President Donald Trump has said that the United States should take Russia’s opposition leader Alexei Navalny’s poisoning “very seriously,” but that his administration has not yet seen any evidence.
“I think we have to take this very seriously if the matter is serious,” he said before speaking at length about his diplomatic efforts in North Korea and nuclear non-proliferation in Russia. “I do not know exactly what happened. It’s tragic. It’s terrible, it shouldn’t happen. We don’t have any evidence yet, but I’ll take a look.
“It’s interesting that everyone always mentions Russia … but I think at the moment China is a nation that you should talk about even more than Russia.”
This week, German Chancellor Angela Merkel revealed that military laboratory tests had “clarified” that the Kremlin critic had been poisoned with the nerve agent Novichok and that the case had been described as an “assassination attempt”.
On Friday, NATO called the attack “horrific” and called for justice. “Time and again we have seen critics [Vladimir Putin] The regime attacked and threatened. Some have been killed, “said spokeswoman Pierce Cazlette.

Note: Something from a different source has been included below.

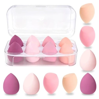 Soft and skin-friendly make-up blender: the make-up sponges are extra soft, gentle on the skin and adapt to any face contour. Ideal for even application of foundation, concealer, BB cream or powder - for a flawless makeup result. Wet and dry application for versatile looks: the beauty sponge sponges can be used both dry and wet. Perfect for powder when dry, when moistened ideal for liquid foundation and concealer. This creates a seamless, natural finish that lasts long and looks professional. 3 SHAPES MAKEUP SPONGES FOR PRECISION - The set includes beauty blender in 3 shapes: round side for foundation, slanted side for larger areas and tip for hard to reach areas such as corners of eyes or nose. Each make-up sponge ensures precise, effortless application and an even complexion. Reusable and easy to clean: the foundation sponges are durable, dimensionally stable and easy to wash out with mild soap or special cleaning solution. After drying, the make-up sponges remain elastic and hygienic, so they can be used multiple times - sustainable and skin-friendly. Set of 8 make-up sponges: this set contains 8 beauty sponge sponges in different shapes for all make-up routines. Perfect for on the go, travel or everyday use. Whether beginners or professionals - with these make-up sponges you can achieve a professional, even result.

Russia has not yet opened a criminal investigation and said there was no evidence of a crime. On Friday he continued to offer alternative theories as to why he fell ill two weeks ago due to torture, dieting or an “easy lack of breakfast”.
Trump did not take a tougher stance than the State Department, which on Friday expressed serious concern about the discovery that Navalny had been poisoned.

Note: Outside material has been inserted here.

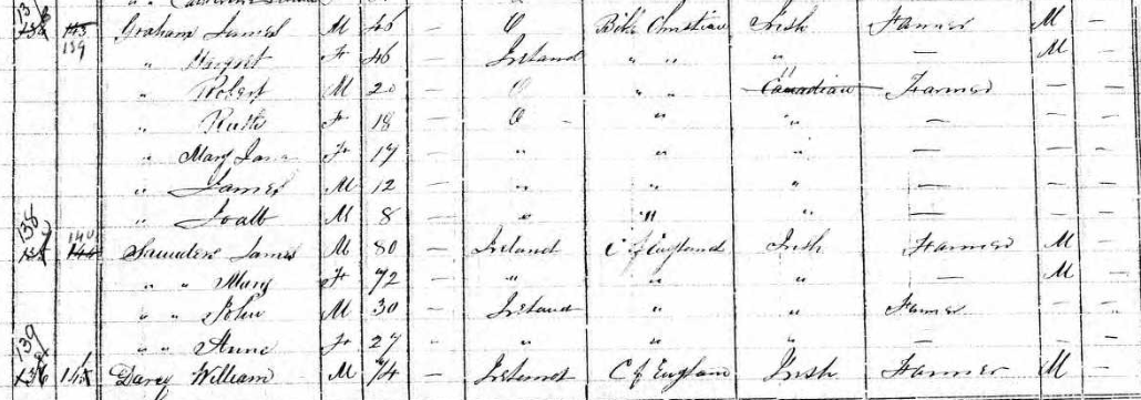 | Census | James Sanders Ireland ,Age 62, English Church Mary Sanders " 53 William Sanders " 16 John Sanders " 12 Thomas Sanders " 10 Living next to the Darcy families that came from Knocknaboley. |

At a meeting in Washington on Friday, Deputy Secretary of State Stephen Bigen told Russian Ambassador Anatoly Antonov that Moscow’s use of the chemical weapon would be a clear violation of its obligations under the Chemical Weapons Convention.
“Deputy Secretary-General urges Russia to fully cooperate with the international community in its investigation into the attack,” the department’s spokesman Morgan Ortagas said in a statement.
Naval is one of President Vladimir Putin’s most prominent and leading opponents, and the German announcement this week that he had been poisoned by a nerve agent has raised the possibility of further Western sanctions against Moscow.